(Data provided)

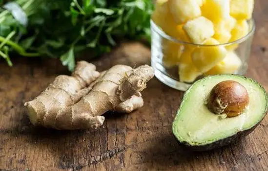 姜可以和许多水果蔬菜搭配榨汁。姜和牛油果都是含有抗老成分的食材,依照自己喜欢的口感比例搭配即可。
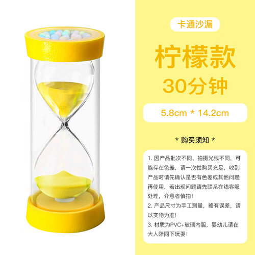 水果造型设计的沙漏,顶部与底部仿照柠檬设计,给人可爱童趣的感觉。而且材质具有耐摔的优势,意外掉落后不易破损,可长久使用。
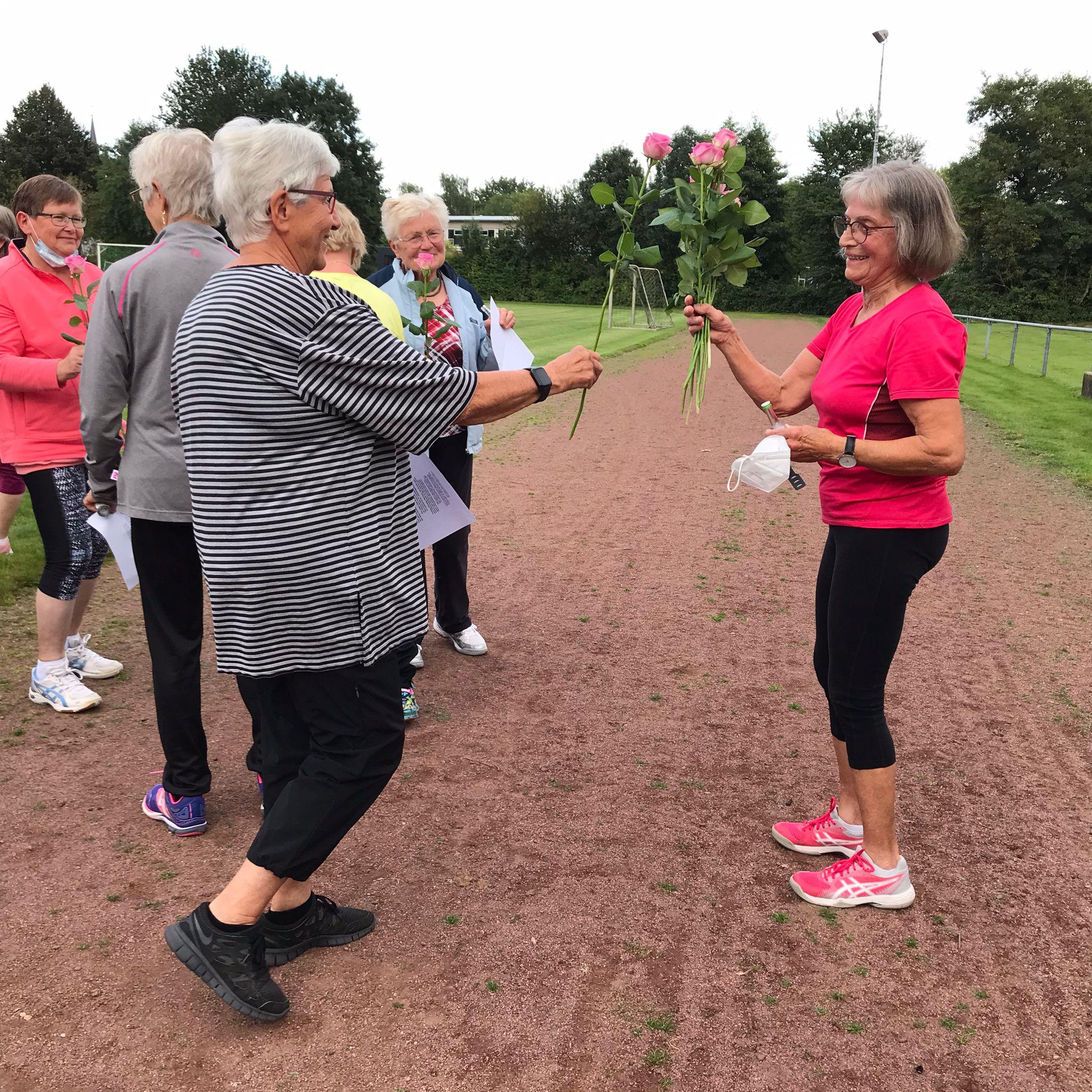 Am 06. September 2021 – nach den Sommerferien – war die Gruppe 65+ sehr stark vertreten. Es gab eine Riesen- Überraschung für Gerhilde. Die Gruppe gratulierte Gerhilde zum 80. Geburtstag mit einem Geburtstagsständchen, jede Teilnehmerin schenkte eine Rose, so dass sich am Ende ein dicker Strauß von etwa 30 Blüten entwickelte. Zwei Uelsen-Gutscheine aus der Freud- und Leidkasse, Pralinen und eine Flasche Seco rundeten die Präsente ab.
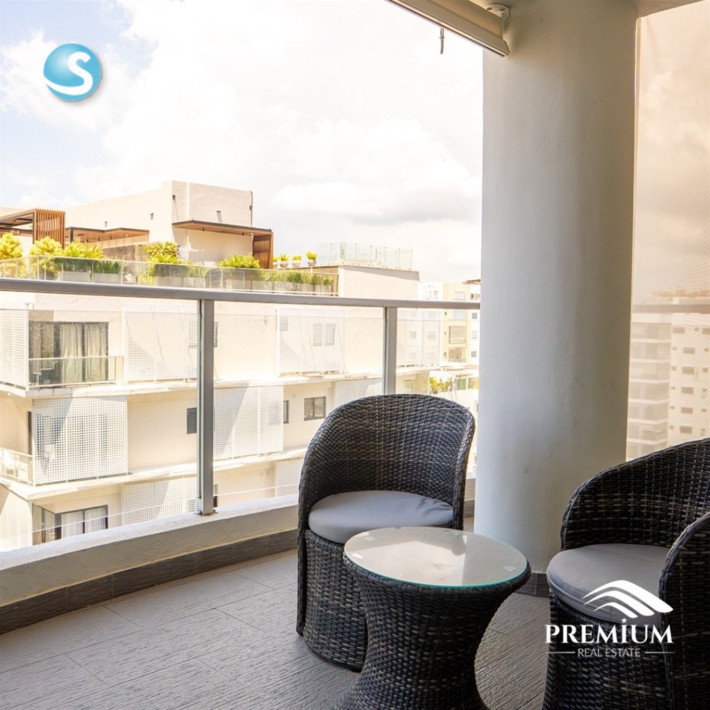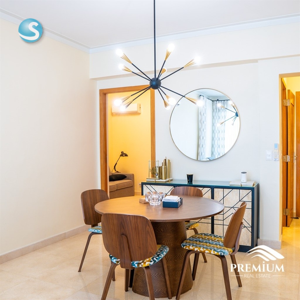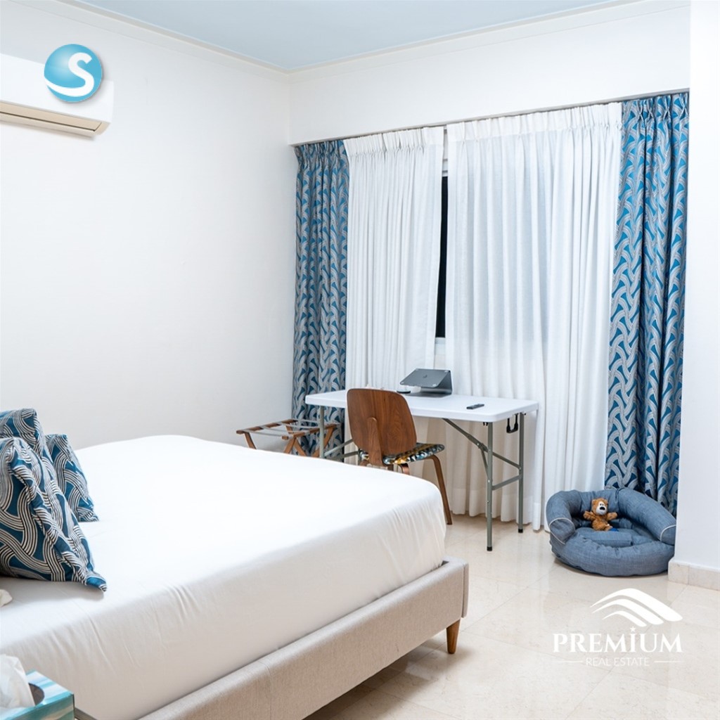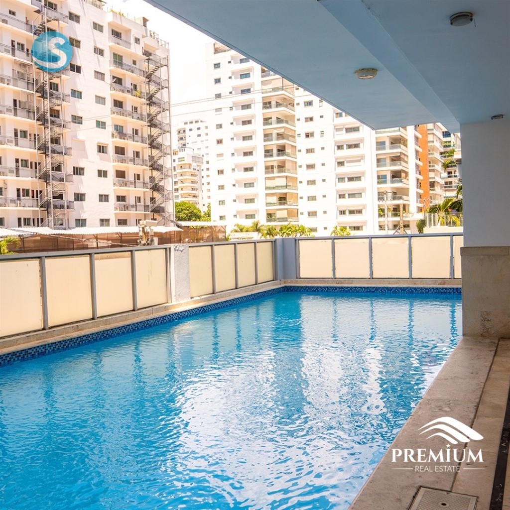 Amueblado - Apartamento en venta, ubicado en Piantini ?? Piso 14 137 mts 2 Habitaciones 2.5 Baños Sala Comedor Cocina Estar Balcón tipo terraza Cuarto de servicio con su baño Área de Lavado 2 Parqueos Torre con áreas sociales: Kitchenette Piscina Jacuzzi Gimnasio Sauna caballeros Sauna para damas Lobby 4 Ascensores Venta: US$385,000 (Amueblado)

(End Data provided)

Set out exactly, and only, the lines between the first line of the listing and the line containing "Am 06. September", counting both, while leaving every picture out.

Output below:
 姜可以和许多水果蔬菜搭配榨汁。姜和牛油果都是含有抗老成分的食材,依照自己喜欢的口感比例搭配即可。
 水果造型设计的沙漏,顶部与底部仿照柠檬设计,给人可爱童趣的感觉。而且材质具有耐摔的优势,意外掉落后不易破损,可长久使用。
 Am 06. September 2021 – nach den Sommerferien – war die Gruppe 65+ sehr stark vertreten. Es gab eine Riesen- Überraschung für Gerhilde. Die Gruppe gratulierte Gerhilde zum 80. Geburtstag mit einem Geburtstagsständchen, jede Teilnehmerin schenkte eine Rose, so dass sich am Ende ein dicker Strauß von etwa 30 Blüten entwickelte. Zwei Uelsen-Gutscheine aus der Freud- und Leidkasse, Pralinen und eine Flasche Seco rundeten die Präsente ab.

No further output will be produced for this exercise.